There is no way to reduce the number of NOPS by rearranging the code. This is because the instructions rely on instructions that come before it, so rearranging the code is not practical.

**4.27.3**

You need the hazard system to detect errors whether you have forwarding or not. Without the hazard system, the code will not execute properly, and the last two instructions will return false values.

**4.29:**

**4.29.1**

Always taken: The predictors are T, T, T, T, T. This is 60% accuracy.

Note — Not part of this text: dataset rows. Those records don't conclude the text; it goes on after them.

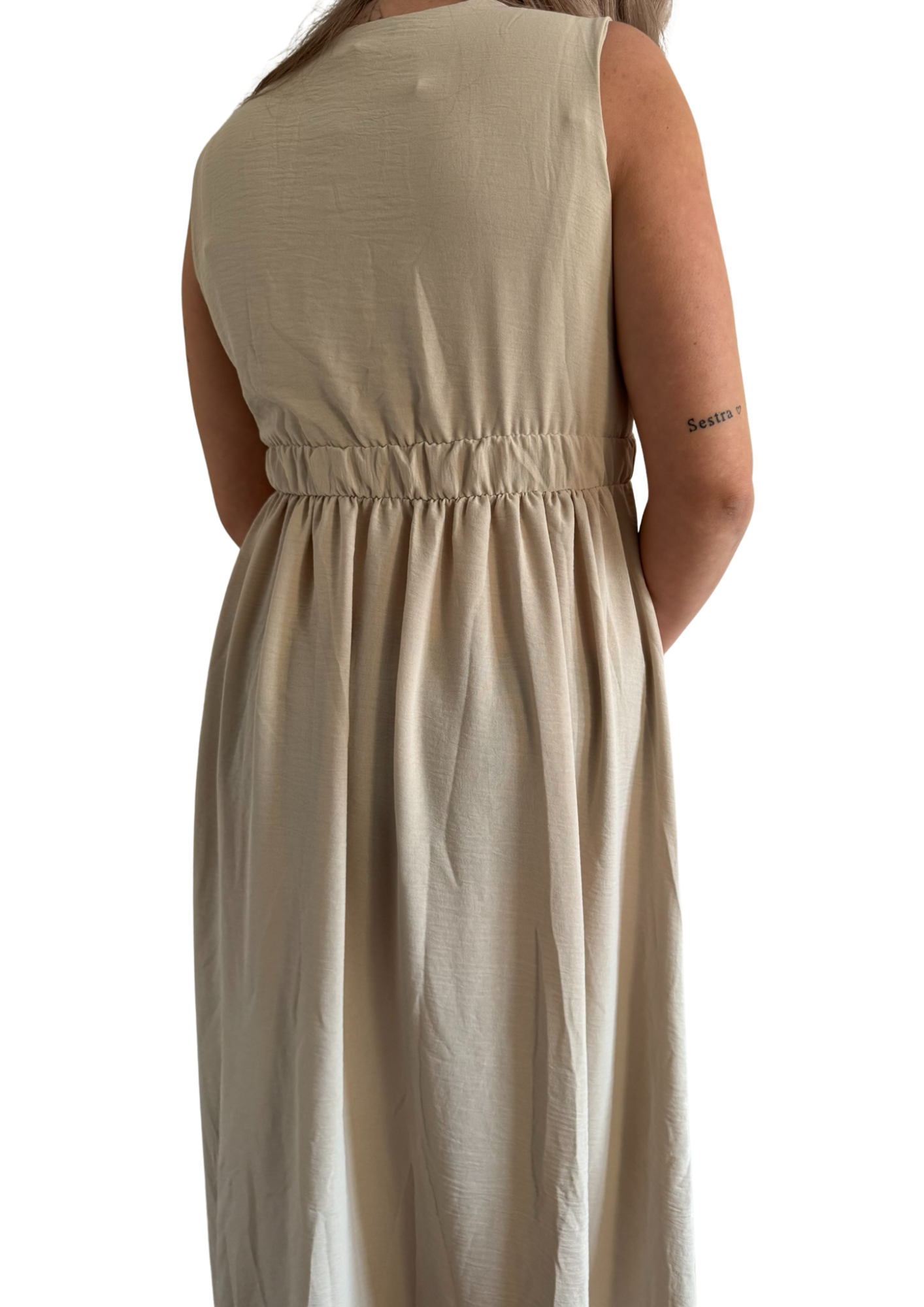 De Seeing Clearly Dress is een mouwloze, flowy zomerjurk die licht en vrij valt en moeiteloos met je meebeweegt.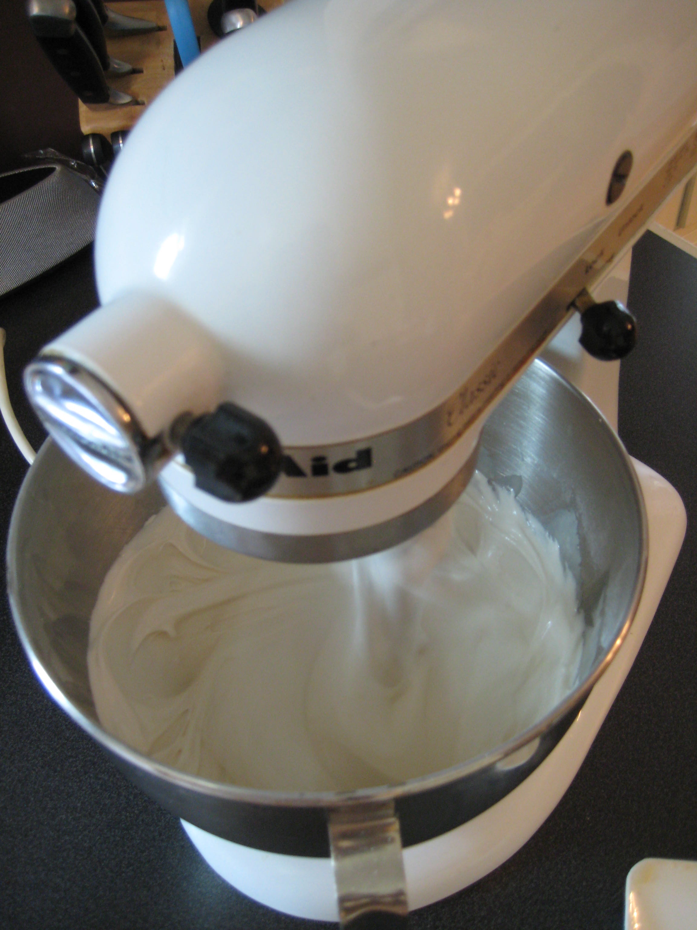 -I had some MAJOR air bubble problems. (See last photo.) Perhaps the problem was that I sort of followed two recipes at the same time, both Sweet Sugarbelle’s and one from Martha. I followed Callye’s recipe for the ingredients, but her batches are so huge I was afraid to cut it in half, not knowing if the ratios would be the same. So I looked for another recipe that made a smaller batch just for the ratios (Martha’s) and then added some flavoring. I was also not as precise as I could have been in terms of icing consistency, nor was I careful about the amount of mixing I did. I guess I’ll just have to try again real soon!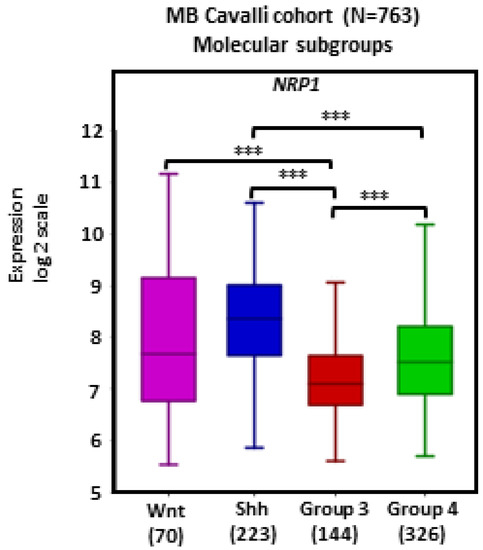NRP1 gene expression in different molecular subgroups of human MB. Tumors from the dataset, as described by Cavalli et al. [24], were analyzed with the R2 Genomics Analysis and Visualization Platform (http://r2.amc.nl). Results are presented in boxplot format as log2-transformed signal intensity. Bars show data for Group 3 (n = 144), Group 4 (n = 326), SHH (n = 223), and WNT (n = 70) MB; *** p < 0.001.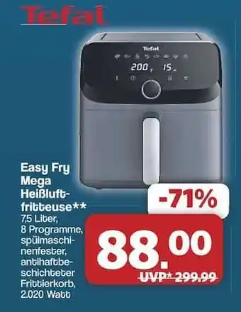 Das Angebot ist in verschiedenen Geschäften erhältlich. Schauen Sie sich alle Produkte an, um das günstigste Easy Fry Mega Heißluftfritteuse zu ergattern. Wenn Sie gerne nachschauen möchten, ob der Artikel woanders noch günstiger ist, werfen Sie einen Blick auf die Kategorie 'Supermärkte'. Möglicherweise sind diese Angebote auch interessant für Sie: Tefal Heißluftfritteuse EY501D Easy Fry & Grill XL, Tefal EY942H Dual Easy Fry XXL Heißluftfritteuse & Tefal EY942H Dual Easy Fry XXL Heißluft-Fritteuse.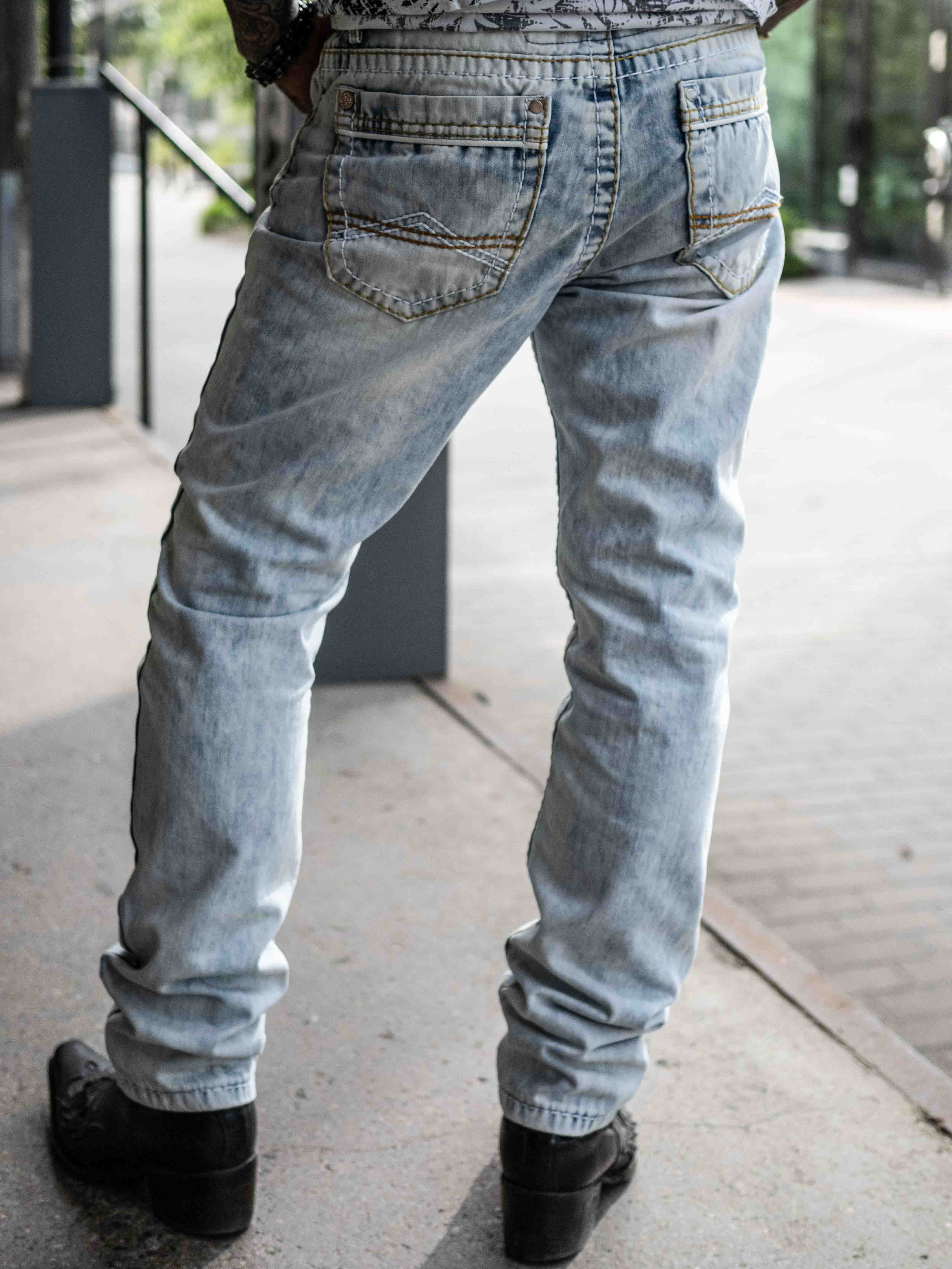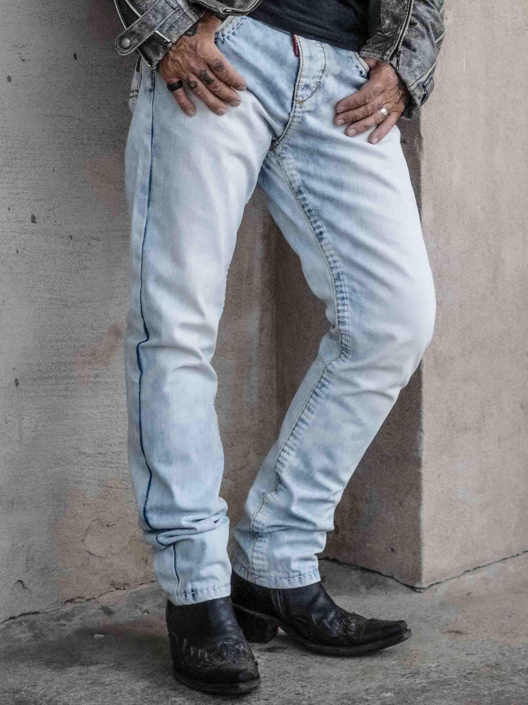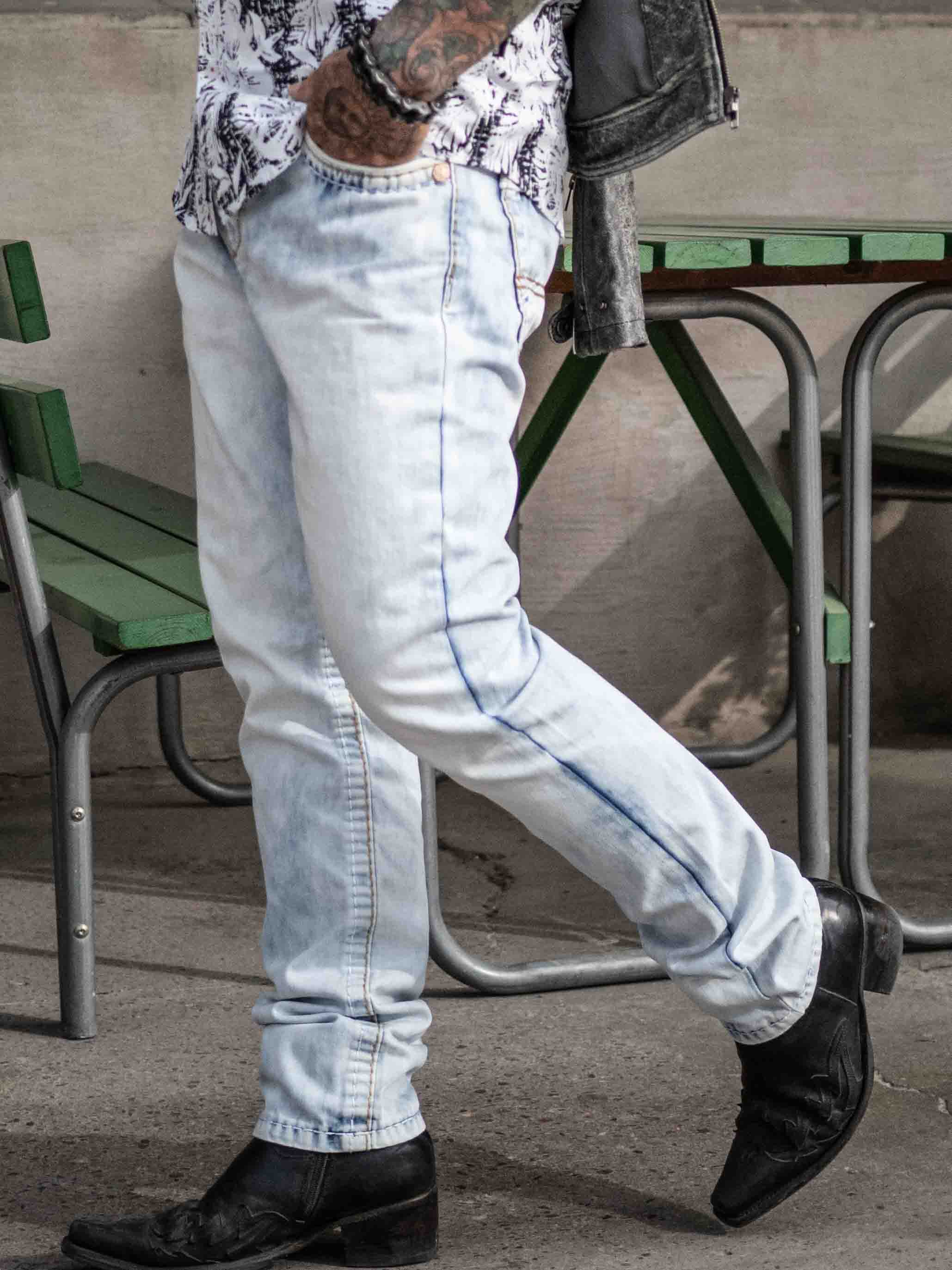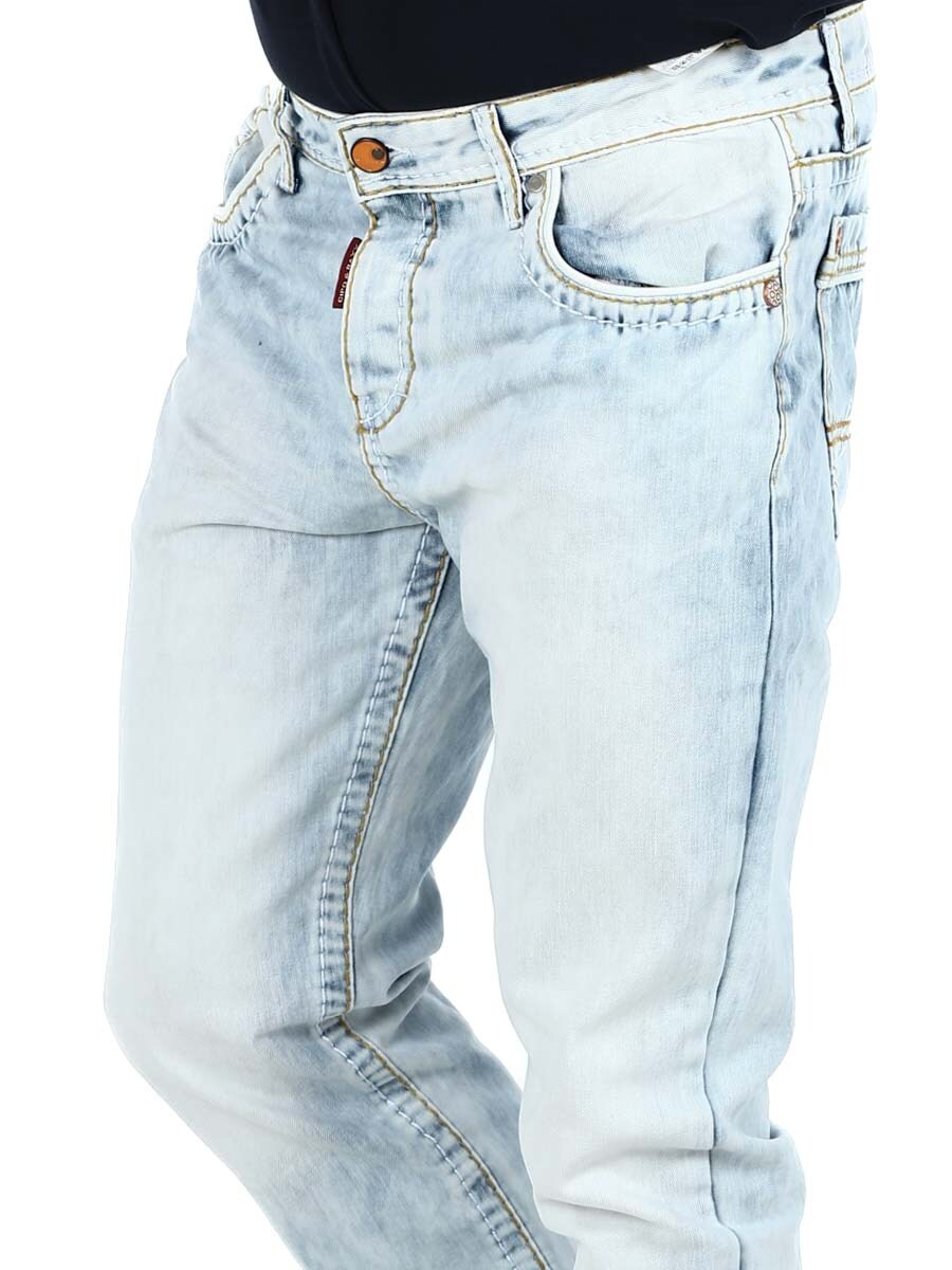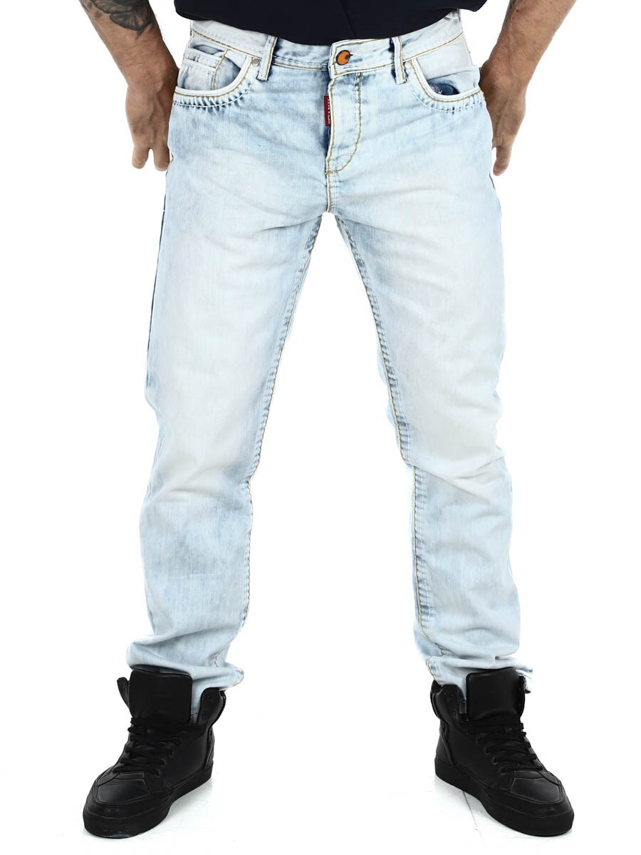 Jeansy o klasycznym kroju z widocznymi szwami w kontrastowych kolorach. Posiadają cztery kieszenie z przodu i dwie z tyłu. Stylowe spodnie, które pasują do większości rzeczy!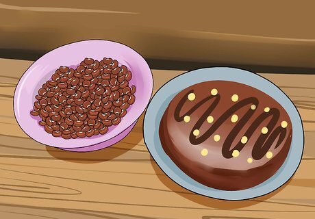 Whip up black bean brownies. Make a higher fiber, higher protein version of brownies by adding black beans. They'll be totally concealed by the dark color of the brownies but not affect the delicious chocolate flavor. To start, preheat your oven to 350°F (177°C). Grease an 8"x8" baking dish with butter or cooking spray. In the bowl of a food processor blender, combine the following ingredients: three eggs, 1 can of black beans (rinsed and drained), 3 tablespoons (44.4 ml) of vegetable oil, 1/4 cup of cocoa powder, 2 tablespoons (29.6 ml) agave a pinch of salt, 1 teaspoon of vanilla and 1 teaspoon of instant coffee powder. Blend until completely smooth and combined. Pour brownie batter into the greased baking dish. Sprinkle over 1/2 cup of chocolate chips evenly over the top. Bake about 30 minutes or until the sides of the brownies began to pull away from the sides of the baking dish. Allow to cool for 10 – 15 minutes before slicing and eating. You can add 1/3 cup quick-cooking oats to this recipe for some additional fiber.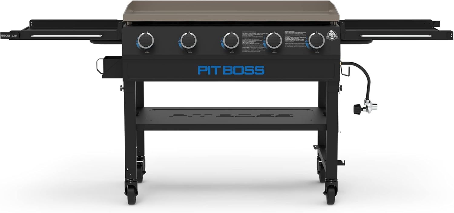 Meet the new lineup of Pit Boss® Standard Gas Griddles. Each Pit Boss 4-Burner Deluxe Gas Griddle is outfitted with a durable cooktop and robust BTU value for an experience that’s Bigger, Hotter, Heavier® than the rest. Enjoy the convenience and versatility of cooking with the Pit Boss 4-Burner Deluxe Griddle, complete with 753 square inches of cooking space, four separately controlled burners, folding side shelves, and lid. The folding legs offer a handy fold-and-go design, while the front grease management delivers easy, mess-free clean up. The PB4BGD1 is the perfect cooking appliance to use in your backyard or for outdoor camping trips and is backed by our best-in-class 2 year warranty.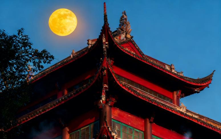 祝福语:借这帧月下古建,祝您中秋佳节,人月两圆,事事如愿!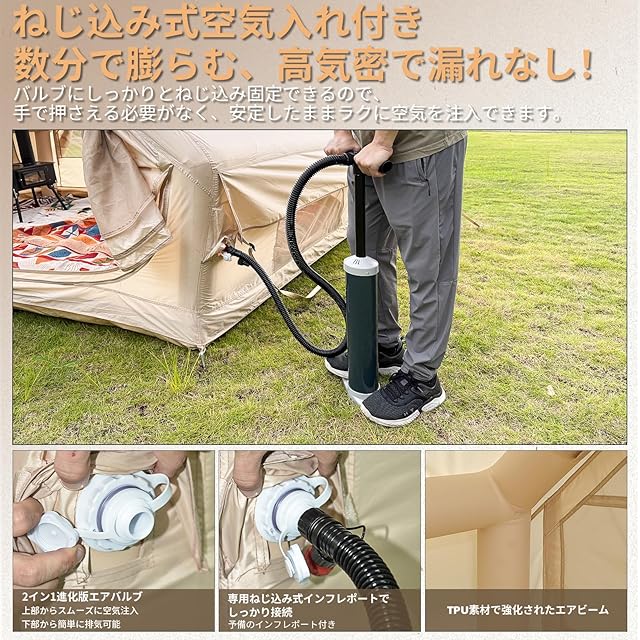 【2分で簡単設営】インフレータブルテント/エアーテントとは、空気を入れて立ち上げるテントのことです。直径約12cmの丈夫なエアフレームを採用し、しっかりとした安定感を実現。ポールを組み上げる必要がありません。高圧空気入れポンプが付属しており、軽い力で空気を入れることができます。約2分で素早く設営可能。ねじ込み式ポンプでテントのバルブにしっかり固定、空気注入中でも外れにくい設計。設営がラクラクでグループキャンプやファミリーキャンプにぴったりです。

Never taken: The predictors are NT, NT, NT, NT, NT. This is 40% accuracy.

**4.29.2**The first branch will result in a T. Move from strong predict not taken to weak predict not taken. Predicted outcome is not taken. The predictor value is 0.The second branch will result in a NT. Move from the weak predict not taken back to the strong predict not taken. Predicted outcome is not taken. The predictor value is 1.

The third branch will result in a T. Move from strong predict not taken to weak predict not taken. The predicted outcome is not taken. The predictor value is 0.

The fourth branch will result in a T. Move from weak predict not taken to weak predict taken. The predicted outcome is not taken because it started out in the weak predict not taken. The predictor value is 0.

Only the second branch is right, so the accuracy is 25%.